With Noah, then, the post-flood covenant renews in a special way the preexisting/ongoing covenant; while also making broad statements concerning every living creature which reap associated benefits. God actually speaks a direct word about or to them, in the context of a more central redemptive-renewal displayed by the sacrifice.

What covenant is in existence when Noah has his initial revelation? What covenant is being honored by God's promise to "make covenant" with Noah by _*keeping covenant*_ by preserving the human race in the ark? It is the covenant of grace. It is the covenant that is put into place through the word spoken in the aftermath of the fall, and the institution of sacrifice allowing mankind still to have some kind of restored fellowship with God by faith in the promise (originally just "the seed of the woman").

Hope this is helpful.


----------



## MW (Apr 22, 2015)

arap said:


> I am wondering how are the covenants in unity under the overarching covenant of grace?



Gen. 6:18: "But with thee will I establish my covenant." This is not another covenant, but the same which was made after the fall; it is specifically established in the line of Noah. The genealogy of chap. 5 clearly indicates this. Noah temporally and typically fulfils the promise concerning the seed of the woman. After the flood this promise is to continue through Noah and his "seed." It is the same covenant.
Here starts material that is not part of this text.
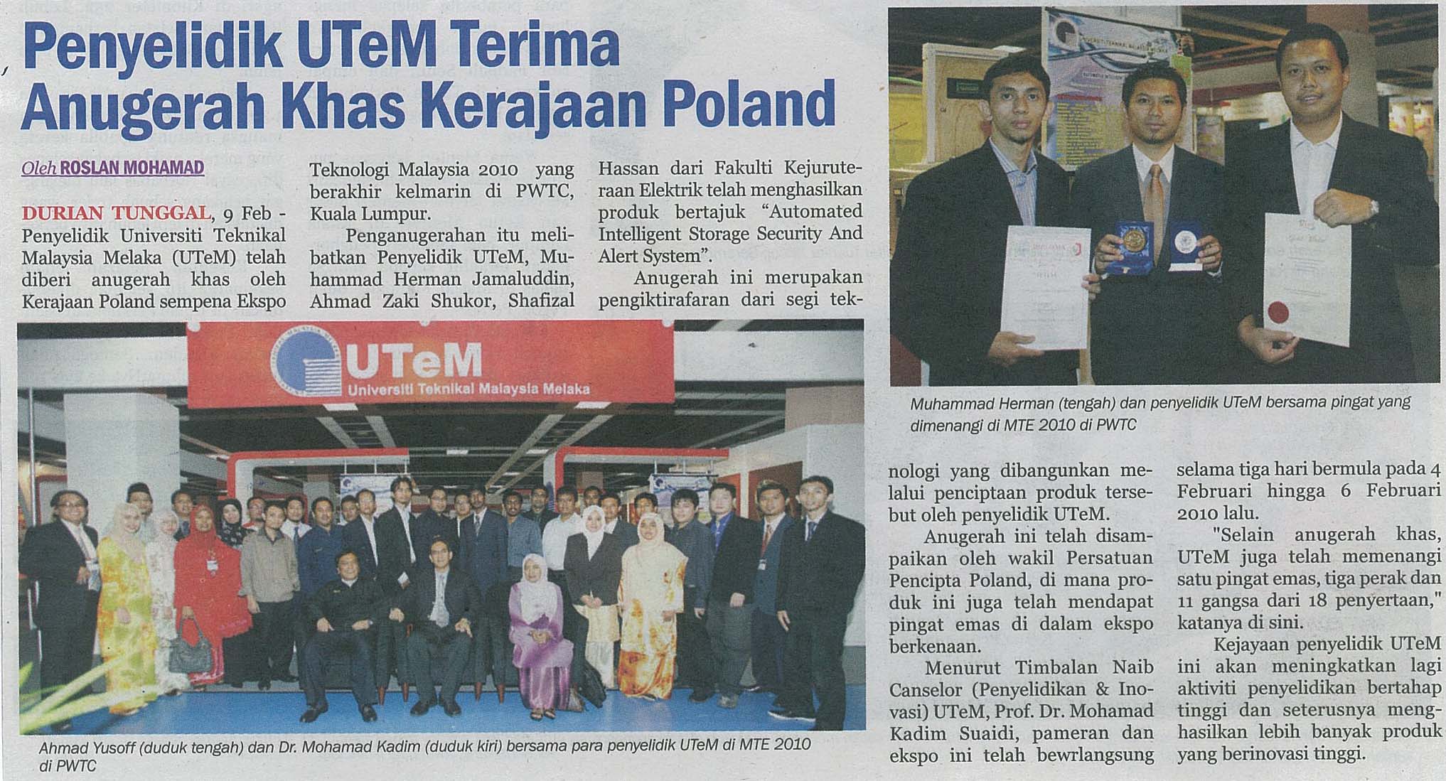 Penyelidik UTeM terima Anugerah Khas Kerajaan Poland
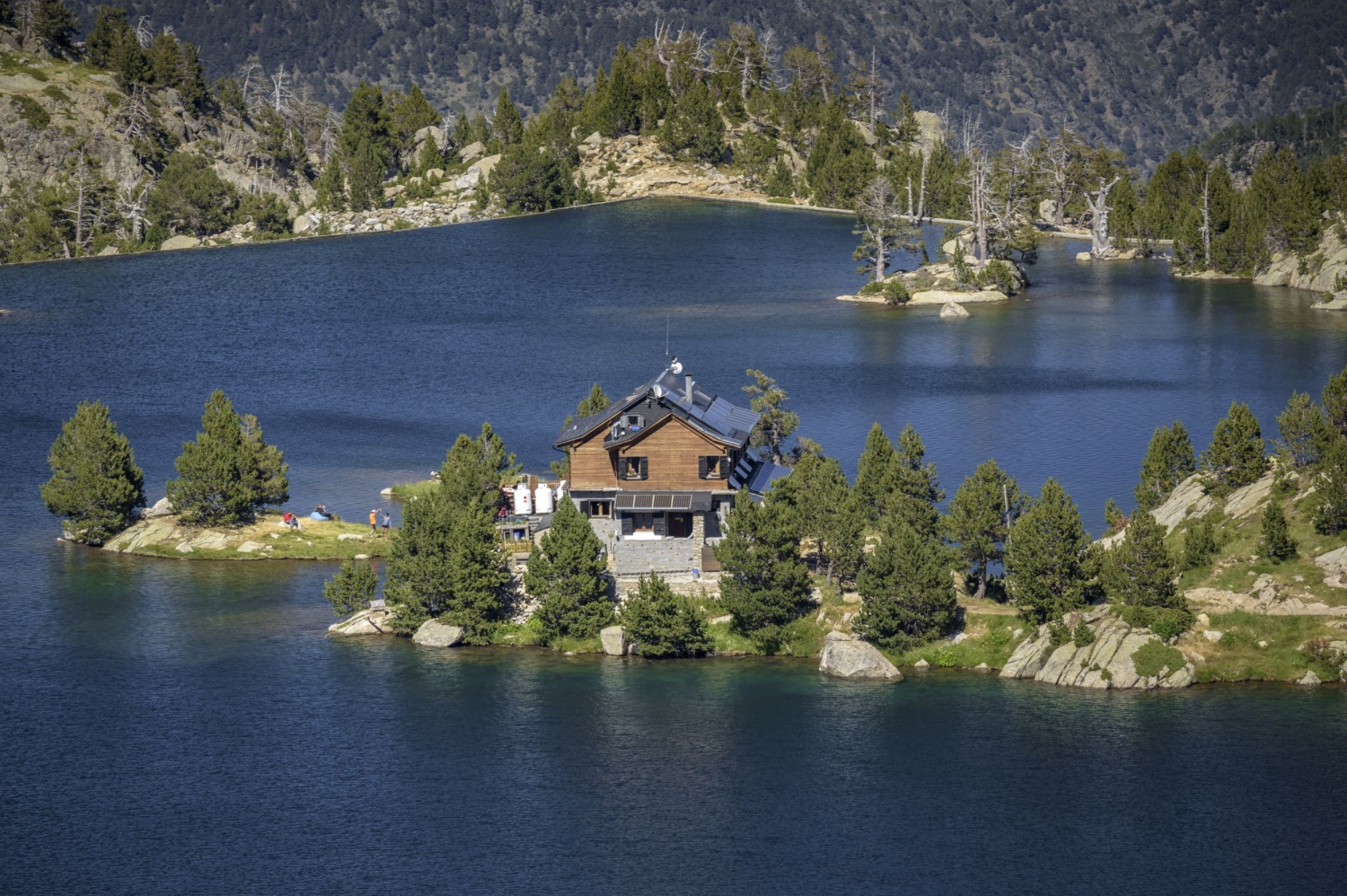 We will go down between rocks and pine trees to the Estany Negre dam. It must be said that this descent is one of the most beautiful moments of the itinerary, with the view of the Estany Tort and the Josep Maria Blanc Refuge in the middle of the pond. An idyllic postcard that we will not get tired of contemplating.

Likewise, when Abraham is called, the events of Babel and the genealogy from Shem to Abram pinpoint him as the central figure in another epochal fulfilment of the covenant promise.

There are worldwide dimensions to the covenant because the heirs of the promise exist in this world and all things are theirs, but in no sense is there a distinct "common grace" covenant made with all men.


----------



## PuritanCovenanter (Apr 23, 2015)

Does this sound reasonable? I heard it said that the Covenant that was made with Noah was made with the Church since it was made with those who were alive. Noah and his sons were the Church. Therefore the Covenant that was made with Noah (the Church) was fully founded as an administration of the Covenant of Grace only and the benefits may flow to everyone. It is not two Covenants. It is meant as one that found more definition in Abraham.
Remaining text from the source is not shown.